In this talk, I present my use of formal filmic techniques across two works to advance a visual argument about mobility and borders in South Asia. Borders are readily made legible through visual representations and material practices such as maps, fences, walls, passports, flags, news coverage, and the like. But what happens when one shuffles the narrative? I dice, splice, and recombine images of borders to generate a picture of the border that is not amenable to figurative absorption. Mainstream representations of the India-Pakistan border emphasize polarity, but I show that the border is a continuous space even as it is a marker of discontinuity. Specifically, my stylistic use of juxtaposition, montage, glitch, and split-screen exposes reductions and excesses of the nation-state order. Drawing on long-term ethnographic fieldwork in the Thar Desert region, I will screen from A Gregarious Species (2023, 9 min) and Kitne Passports? (in-production) to convey how, like the filmic cut, the border produces a shared and segmented space. Culling together found footage and composing my own images, I argue that working within the visual medium itself can unravel mental pictures about the fixity of borders.
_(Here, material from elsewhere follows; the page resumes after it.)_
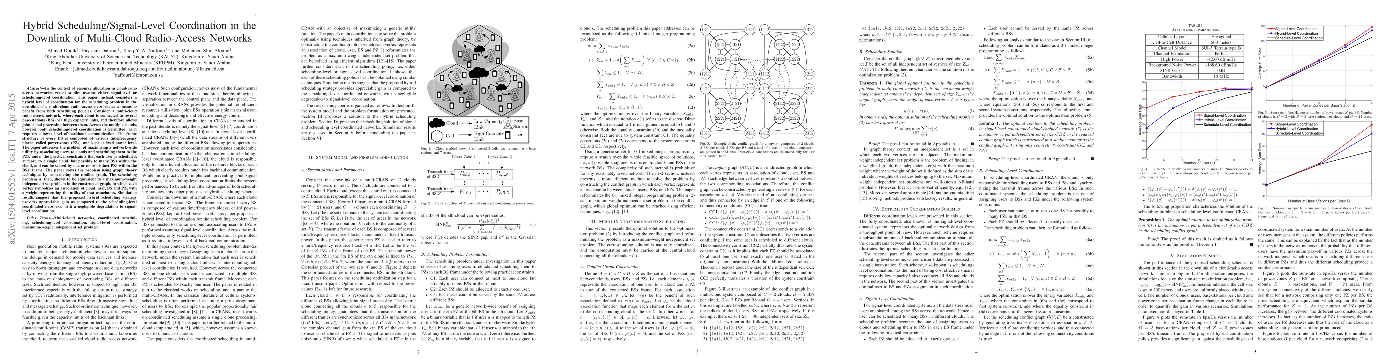 This paper proposes a hybrid scheduling/signal-level coordination approach for downlink multi-cloud radio-access networks to maximize network-wide utility. It leverages joint signal processing across clouds with scheduling-level coordination to balance the benefits of both scheduling and signal-level coordination, achieving significant gains over purely scheduling-level coordinated networks.
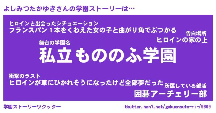 | 男性向けラノベタイトル風あだ名 | 『よしみつたかゆきの憂鬱』 |

A Gregarious Species (2023, 9 min)
What do bugs and borders have to do with each other? Bringing together mobile phone videos of transboundary gregarious locust swarms, political rallies, and scientific webinars, this found-footage, experimental video raises questions about the selective porosity of borders amidst environmental crisis, farmer insecurity, and nationalism in South Asia.
Kitne Passports? (in production, 15-min visual sample)
What does waiting for a welcome feel like? Follow four, cross-caste Pakistani Hindu migrant families as they shift between minority and majority status, navigating uncertain futures in India.
Natasha Raheja is an Assistant Professor of Anthropology and Performing & Media Arts at Cornell University. She received her PhD in Anthropology from NYU and her BS in Biology and MA in Asian Languages and Literature with a focus on Urdu from UT Austin. Her film and writing projects explore questions of migration, belonging, and majority-minority politics in South Asia. Dr. Raheja is the director of Cast in India, an observational portrait of the Bengali metal workers who manufacture New York City manhole covers; and her book Selective Welcome: Pakistani Hindus in India is forthcoming with the University of Chicago Press.